TASK STATEMENT:
Starting at the first line of the data, print every line up to and including the one with "Perform full-body workouts", but no pictures.

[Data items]
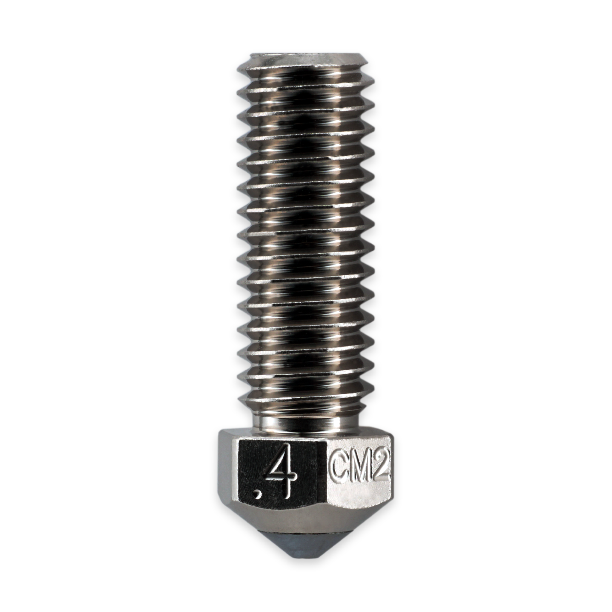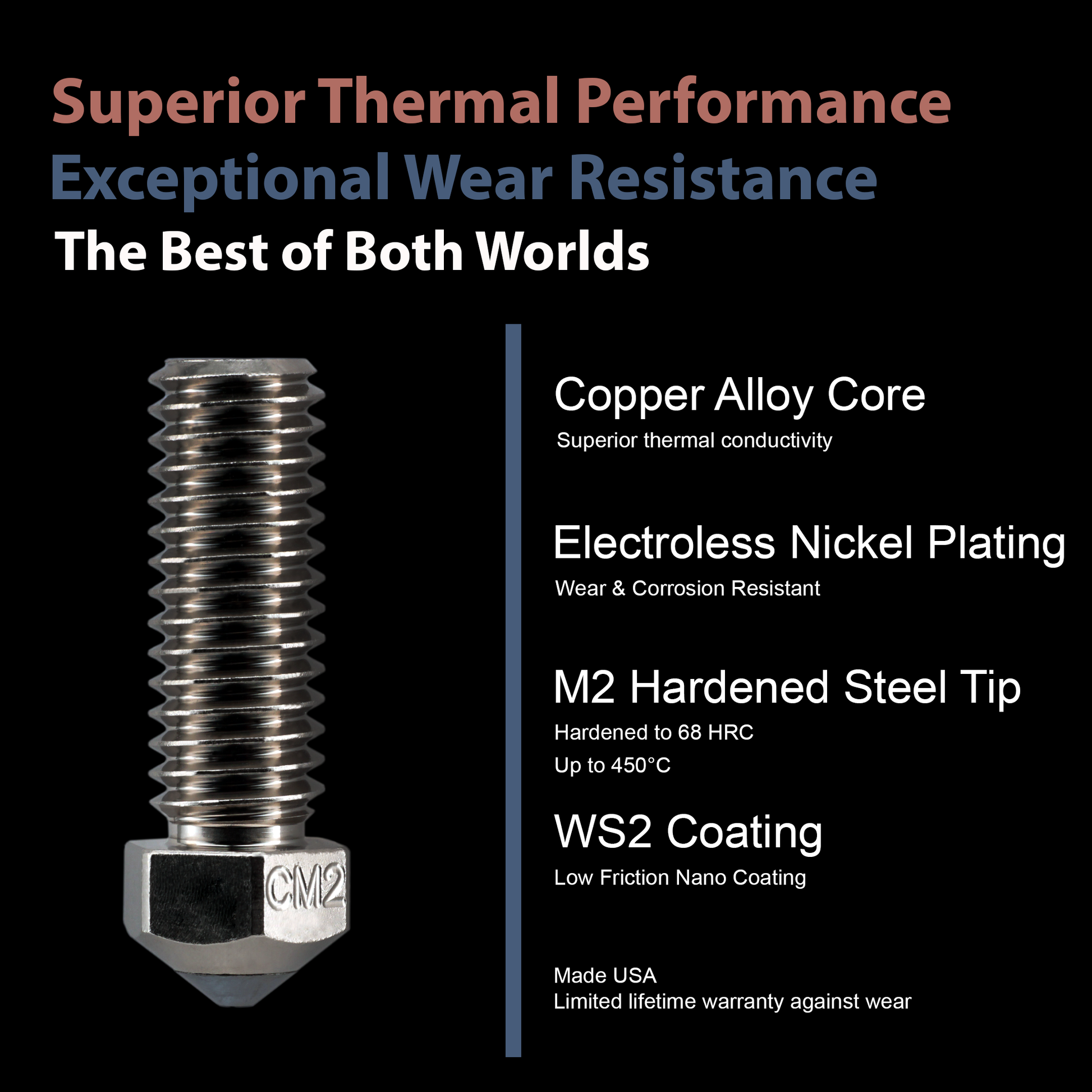 CM2-serien är framtagen för att ge hög livslängd även vid utskrift med abrasiva material som kolfiber, metallfyllt PLA, träkompositer eller polykarbonat – och är fullt kompatibel med E3D Volcano och liknande hotendblock.
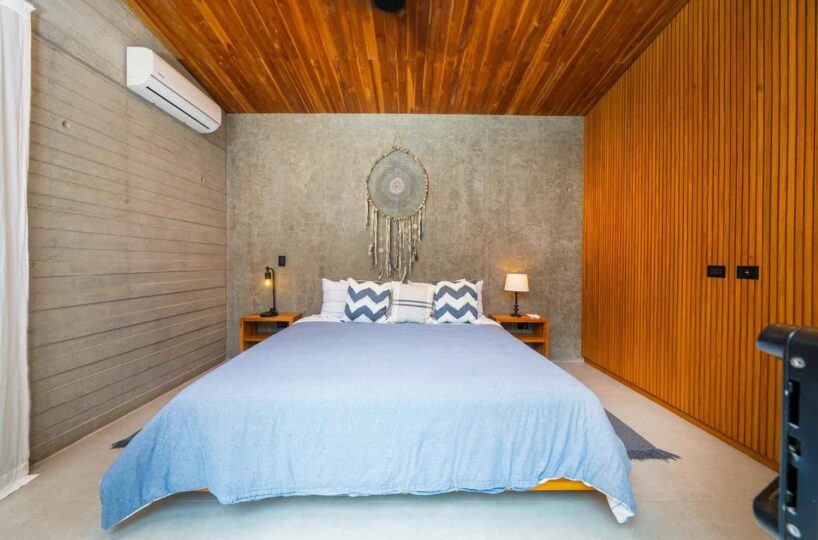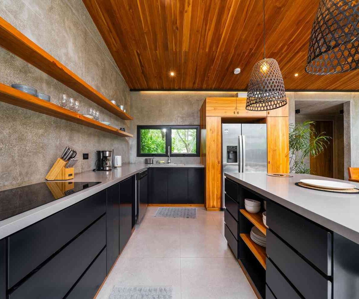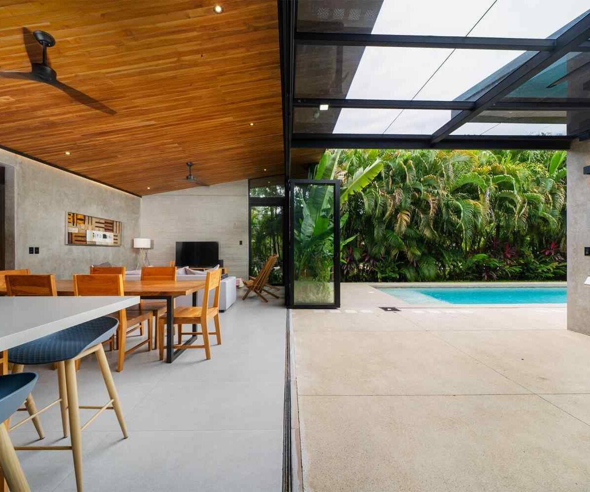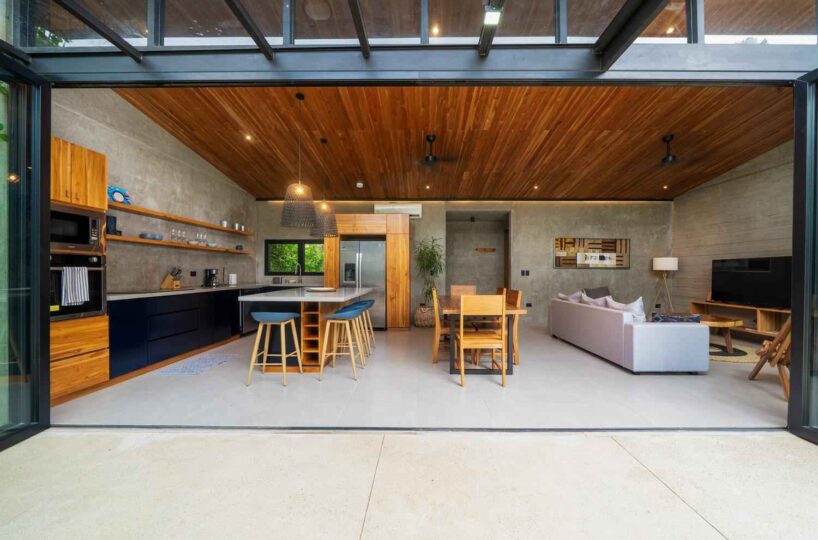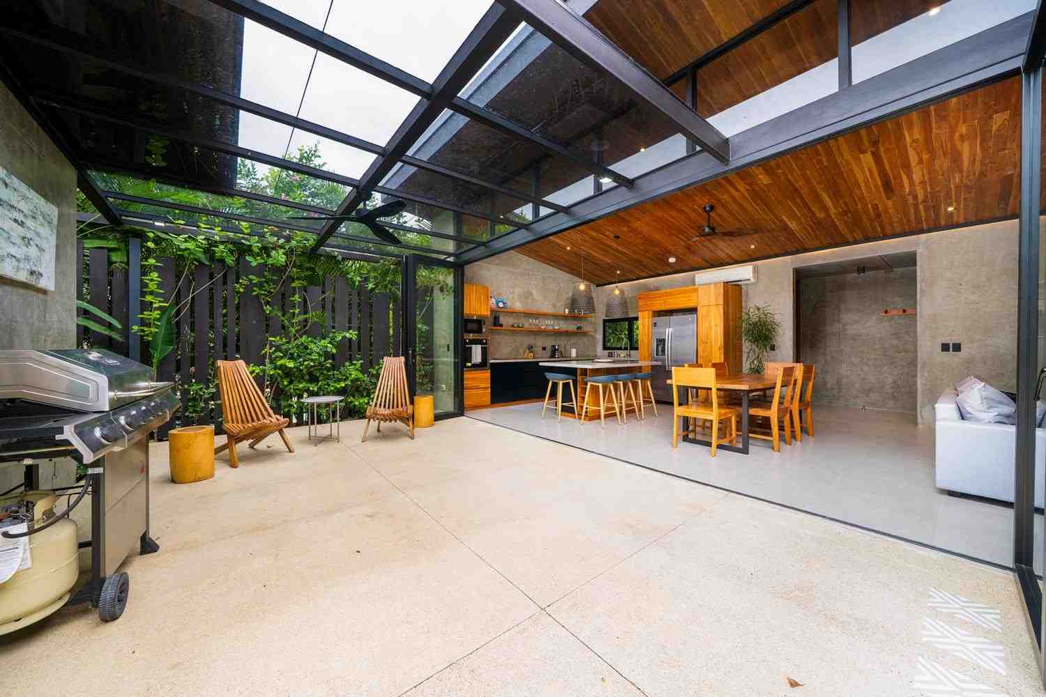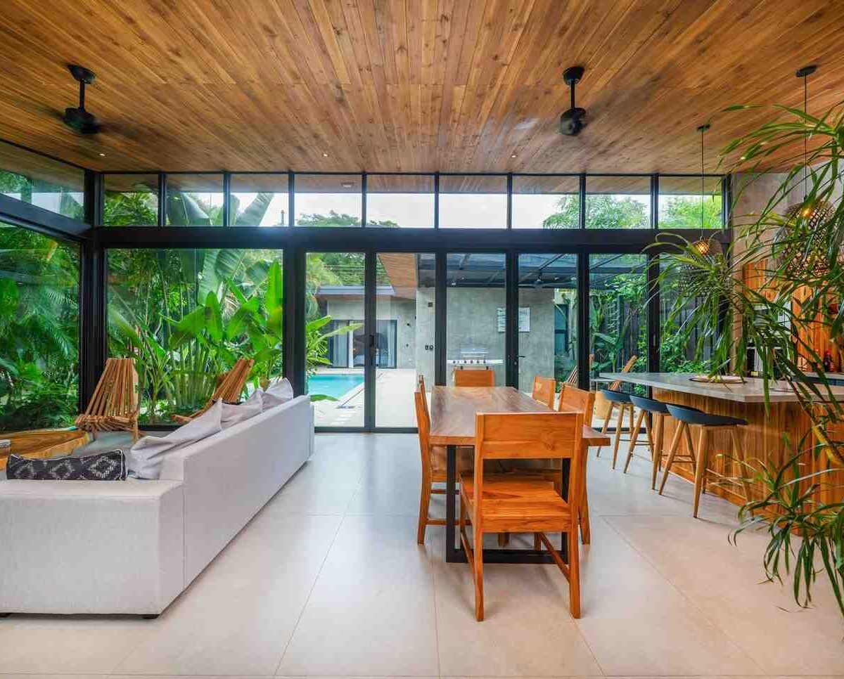 The home features a bright open-concept kitchen with quartz countertops, a spacious island with seating, and high-end stainless-steel appliances, making it ideal for cooking and entertaining. The dining area crafted with Costa Rican teak seats six, while the living room is complete with air conditioning, a large smart TV, and high-speed internet—perfect for both relaxing and remote work.
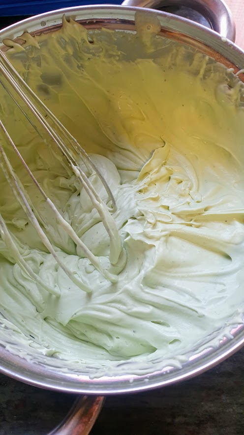 9. Echamos la nata -que habremos tenido en el frigorífico- en un cuenco junto con el té matcha. Batimos con la ayuda de unas varillas y agregamos el azúcar glas, de poco en poco, hasta que la nata esté montada.
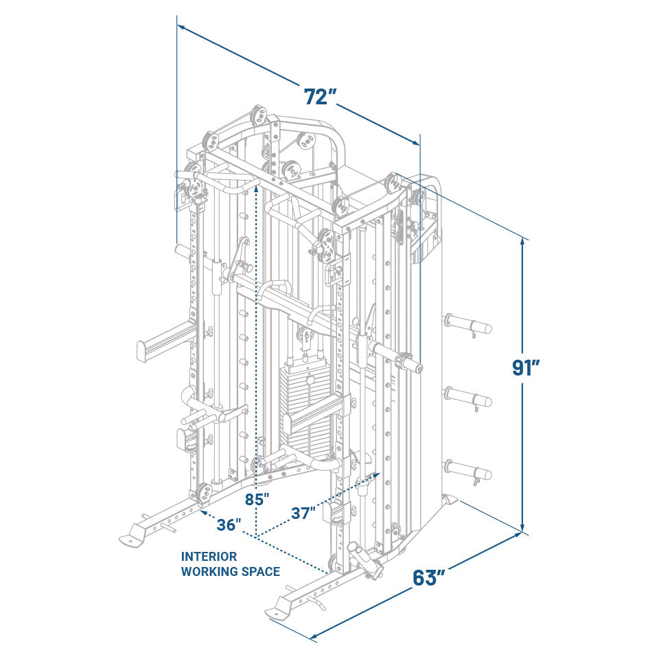 Perform full-body workouts or target specific muscle groups with ease. Switch from split training. circuit training. WOD variations. and supersets to endurance training in seconds. The G6 even includes built-in storage for an Olympic and Standard barbell. weight plates. and cable attachments. keeping your training space tidy. organized. and free of trip hazards.
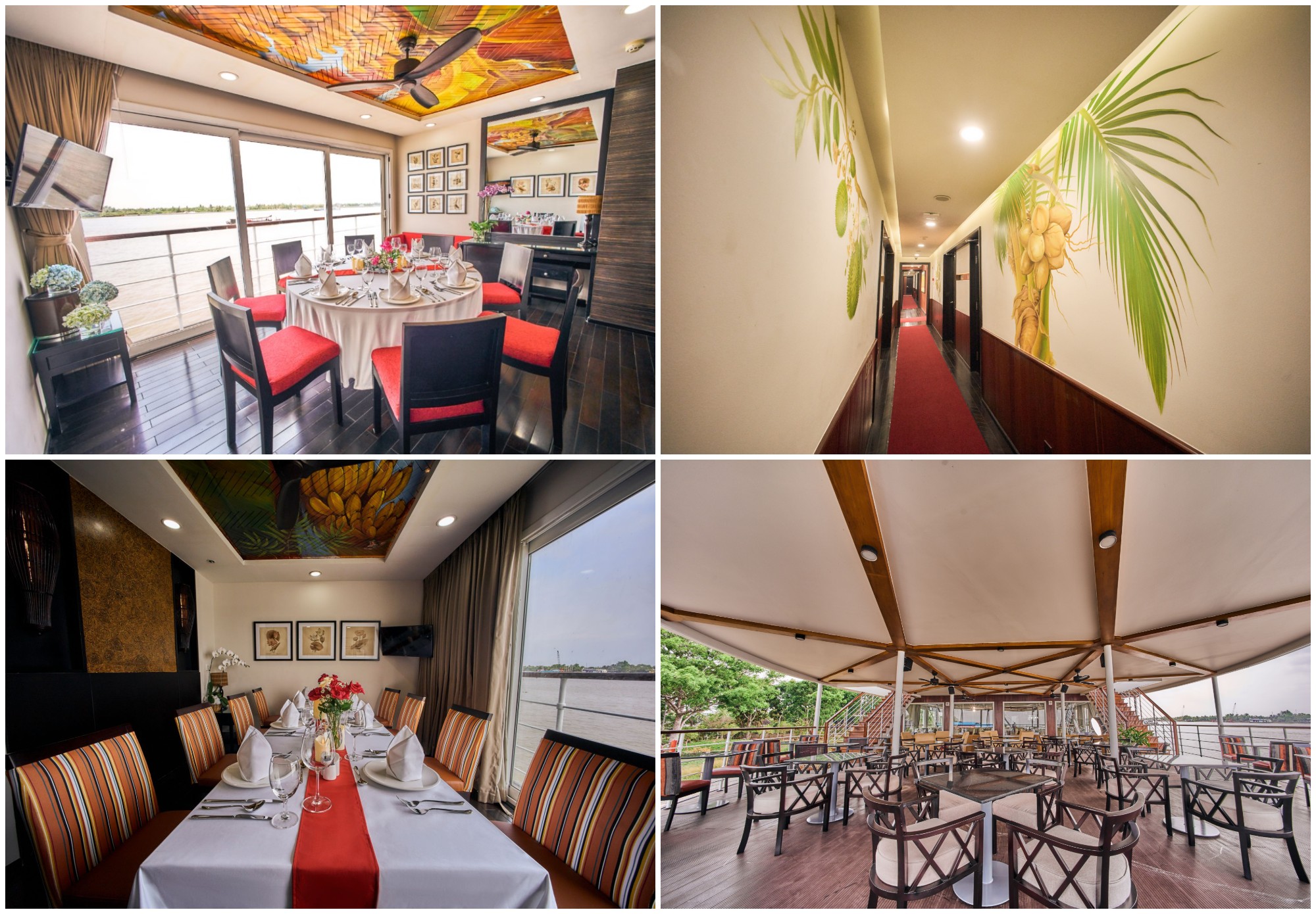 Du thuyền được thiết kế 3 tầng rộng rãi và có sức chứa lên đến 350 khách. Tại tầng trệt và tầng 1, không gian du thuyền bao gồm 18 phòng VIP riêng tư, thích hợp cho những buổi chiêu đãi đối tác trang trọng hay buổi họp mặt gia đình thân mật; sảnh tiệc sang trọng dành cho 70 khách; và Panorama Lounge cho 60 khách. Trong khi đó, tầng thượng rộng đến 700m2 với góc nhìn toàn cảnh 3600 là nơi lý tưởng để tổ chức những sự kiện ngoài trời, tiệc cưới, dịp kỷ niệm đặc biệt hay đơn giản chỉ để ngồi thư giãn, nhâm nhi ly cocktail mát lạnh tại quầy bar trung tâm và ngắm hoàng hôn buông dần trên vùng đồng bằng sông nước đầy thơ mộng.

RESPONSE AREA:
 CM2-serien är framtagen för att ge hög livslängd även vid utskrift med abrasiva material som kolfiber, metallfyllt PLA, träkompositer eller polykarbonat – och är fullt kompatibel med E3D Volcano och liknande hotendblock.
 The home features a bright open-concept kitchen with quartz countertops, a spacious island with seating, and high-end stainless-steel appliances, making it ideal for cooking and entertaining. The dining area crafted with Costa Rican teak seats six, while the living room is complete with air conditioning, a large smart TV, and high-speed internet—perfect for both relaxing and remote work.
 9. Echamos la nata -que habremos tenido en el frigorífico- en un cuenco junto con el té matcha. Batimos con la ayuda de unas varillas y agregamos el azúcar glas, de poco en poco, hasta que la nata esté montada.
 Perform full-body workouts or target specific muscle groups with ease. Switch from split training. circuit training. WOD variations. and supersets to endurance training in seconds. The G6 even includes built-in storage for an Olympic and Standard barbell. weight plates. and cable attachments. keeping your training space tidy. organized. and free of trip hazards.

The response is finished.